U.S. Offers Vulnerable Nations a Deal, But They Can Never Ask for Climate Money Again

"Those who are despoiling the earth do so for personal gain, believing they can use their privilege to escape their fate" –Chris Hedges (full-size image; source).


by Gaius Publius

Shameful. If the these reports are true, the U.S. is offering a deal to the poor and climate-vulnerable on the planet, as well as to emerging nations like India, and it's not a good one for them. Here's the shape of the deal in five easy pieces (quotes are from Mark Hertsgaard at The Nation and KC Golden at Climate Solutions).

1. Two degrees is too much. KC Golden:
Two [degrees warming] is too much. A 2 degree C. increase in the global average temperature – the working redline for climate catastrophe – would mean a “significantly different planet,” disrupting food and water supplies, inundating coastal cities, obliterating island nations… Look at what 1 degree is doing already, as extreme record rainfall reports come in almost daily.
2. Poor and climate-vulnerable nations will suffer enormously under two-degrees warming — they're suffering already under one degrees warming.

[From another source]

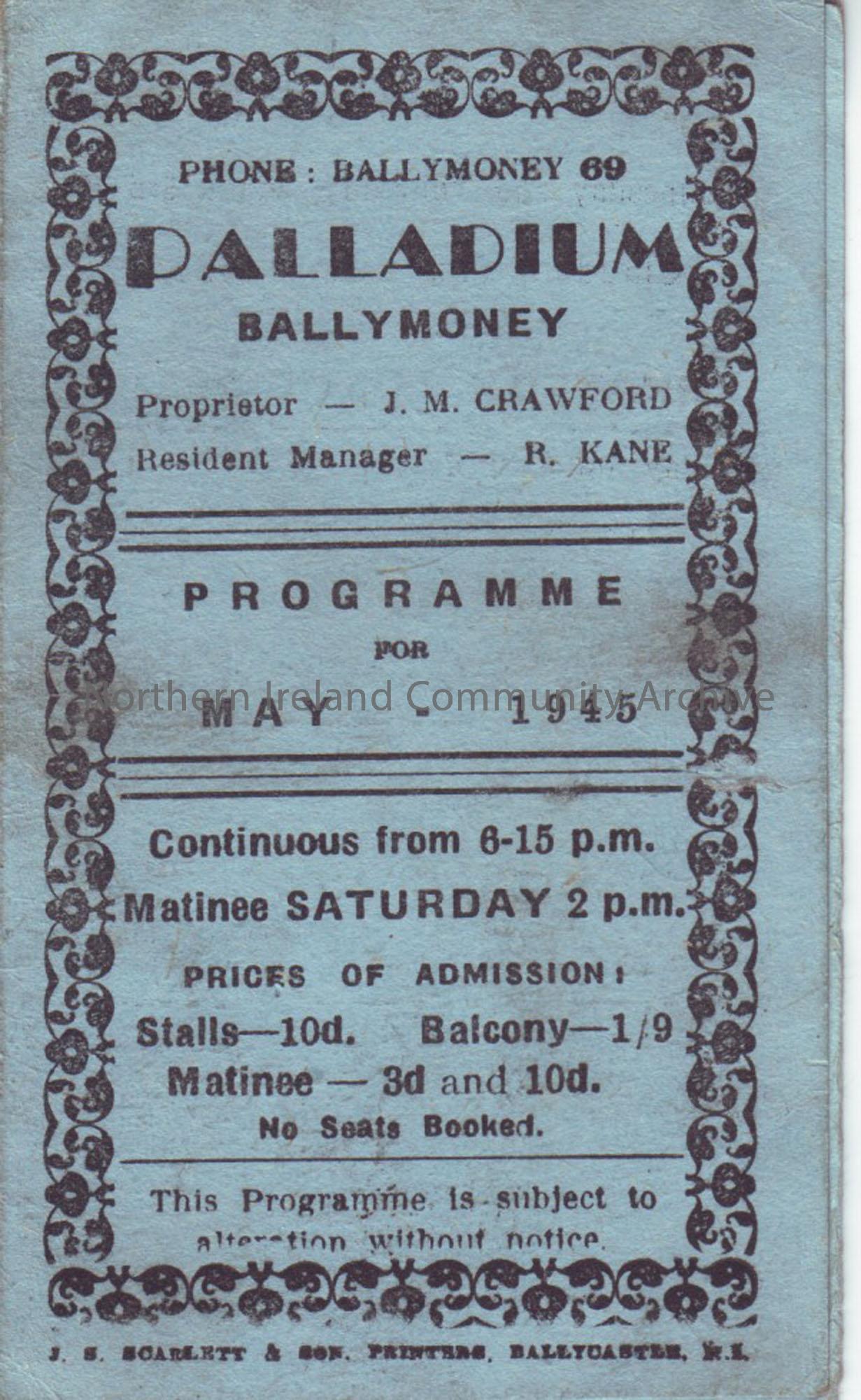 blue programme for Ballymoney Palladium cinema- May 1945

Golden:
Climate justice advocates, led by the world’s most vulnerable nations, are pushing in Paris to move the target to 1.5 degrees C. Science, sanity, and moral responsibility are with them, but rarely are those enough to win the day. Sober COP-watchers gave the drive for 1.5 little chance to prevail, as Big Fossil continues to box the negotiators.
The cost of climate-change adaptation for these nations is more than they can bear. ("Adaptation" is climate-speak for what you do to protect yourself from the climate "storm." Adaptation includes, for example, building sea walls for future sea level rise. Adaptation, naturally enough, costs money, and some of the poorest nations, like Bangladesh and low-lying island states, are the most vulnerable.)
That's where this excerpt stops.